在darkest(爲島或者大陸的名字,爲防止被攻打已將其刪除)上定居着一個名爲“Eeny Meenys”的部落。這個部落名字的由來跟他們每年選舉部落首領的方式有關。聽說有一個新聞記者走訪了該部落,並嘗試將一些現代文明帶給他們,然而不幸的結局使他的工作永遠無法完成。因此該部落不再具有永久的首領;首領的任期只有一年。首領的任期結束後就會被人們將吃掉,然後重新選擇首領。他們選擇首領的方式名叫“Eeny meeny miny mo”,具體是:所有合格的部落成員(女性也有資格——部落文明之一)站成一個圈,選定一個起始位置,然後大巫師(他沒有參選資格)開始繞圈計數‘E’,‘e’,‘n’,‘y’,‘M’,‘e’,‘e’,‘n’,‘y’,‘M’,‘i’,‘n’,‘y’,‘M’,‘o!’,‘E’,‘e’,‘n’,‘y’,‘M’,‘e’,‘e’,‘n’,‘y’,‘M’,‘i’,‘n’,‘y’,‘M’,‘o!’……每一次在‘o!’這個位置上的人將被推出圈外,然後閉合圓圈,從他的鄰居(將被點到‘E’的那個人)重新開始計數。照此方法執行,直到剩下一個人,即被選爲首領。
While the chance of glory for a year makes the job of chief highly attractive to tribal members, you (possessing a computer decades before they were invented) find the brevity of the glory unappealing. You have managed to find out that the count this year will start with Mxgobgwq (a very large person), so you would like to know where not to stand. You don't know the direction, nor how many eligible people there are, but you can estimate the number (it is certainly less or equal than 1000000).
儘管一年任期的首領職位強烈地吸引着部落成員,但這短暫的榮耀並不能讓你(你擁有一臺幾十年後纔會發明出來的電腦)產生興趣。你已經搞清今年的計數將從Mxgobgwq(一個非常高大的人)開始,你還想知道不能站在哪個位置。你不清楚計數的方向,也不清楚候選人數,但是你能估計到候選人數的範圍(一定是小於或等於1000000的數)。

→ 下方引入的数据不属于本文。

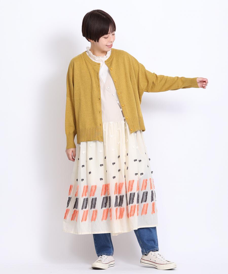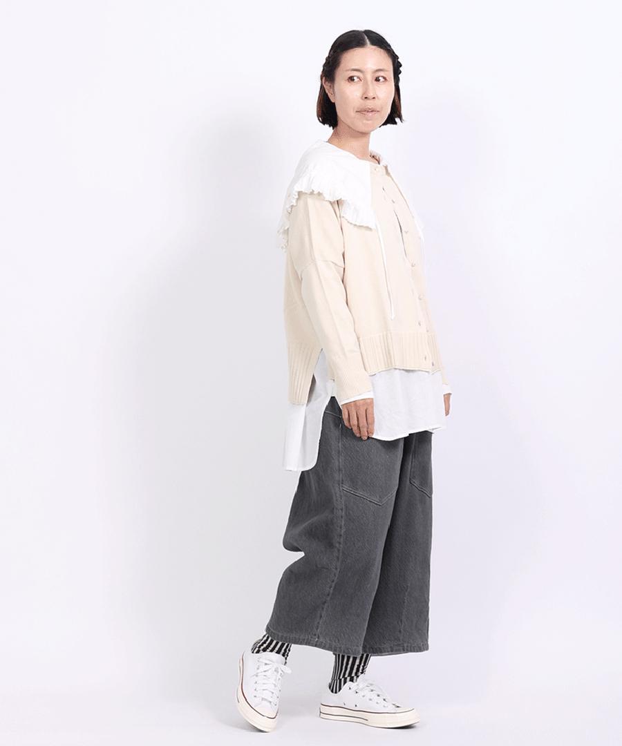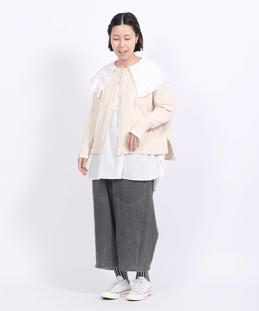 ボトムスを選ばず、どんなコーデにも馴染んで着回しできるカーディガンです。

Write a program that will determine the `first' (i.e. closest to Mxgobgwq) safe position to stand, regardless of the actual number of people and the direction of count (clockwise or anti-clockwise).

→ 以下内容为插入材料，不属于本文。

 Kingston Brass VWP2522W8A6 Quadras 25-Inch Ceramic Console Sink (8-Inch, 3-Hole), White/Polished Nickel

寫一個程序來確定第一個站立位置(即最靠近Mxgobgwq的位置),不論實際候選人數是多少或是以何種方向計數(順時針或逆時針),該站位都是安全的。
Input
輸入
Input will consist of a series of lines, each line containing the upper and lower estimates of the number of eligible people (both numbers inclusive). The file will be terminated by a line containing two zeroes (0 0).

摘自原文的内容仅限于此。